Feature engineering played a vital role in enhancing the dataset's power and ensuring a better representation of the target variable. This step involved creating new features that might have been hidden in the original dataset.  

The modeling phase, while comparatively straightforward, required sensitivity. Choosing the appropriate models, fine-tuning hyperparameters, and analyzing model logs could be time-consuming but necessary to achieve the objective of achieving higher accuracy.

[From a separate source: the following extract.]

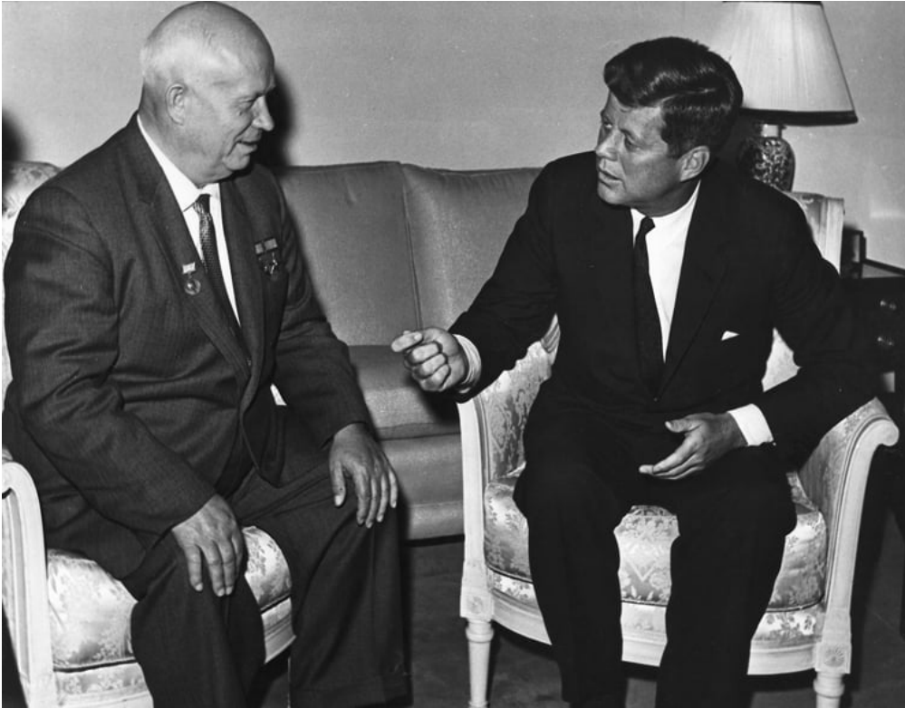
PX 96-33:12 03 June 1961 President Kennedy meets with Chairman Khrushchev at the U. S. Embassy residence, Vienna.

After President Johnson destroyed himself in the military/security complex's Vietnam War, President Nixon renewed the tension reducing policy of President Kennedy. The Strategic Arms Limitations Talks (SALT) and arms limitations agreements followed. President Nixon topped them off by opening to China and replacing that tense relationship with the "one China" policy. This was again too much for the US military/security complex, and they orchestrated with the Washington Post the "Watergate" scandal to remove him from office.

#### b) Are you able to simplify complex data science concepts into everyday language?
The field of Data Science continues to evolve, becoming increasingly complex over time, especially with the integration of Artificial Intelligence which remains a research domain. New concepts emerge regularly, adding to the challenge of simplifying and conveying these ideas effectively. However, at its core, Data Science is no more than an advanced application of everyday life experiences, enhanced by technology. Leveraging relatable analogies and real-life examples proves to be an effective strategy in simplifying complex concepts. Additionally, incorporating storytelling techniques establishes a connection with the audience, fostering better understanding and enabling them to immerse themselves in the intricacies of the concept, thus enhancing memory retention. Simplifying concepts through non-technical graphs aids in visual comprehension, allowing the audience to grasp and absorb information more efficiently compared to solely auditory explanations.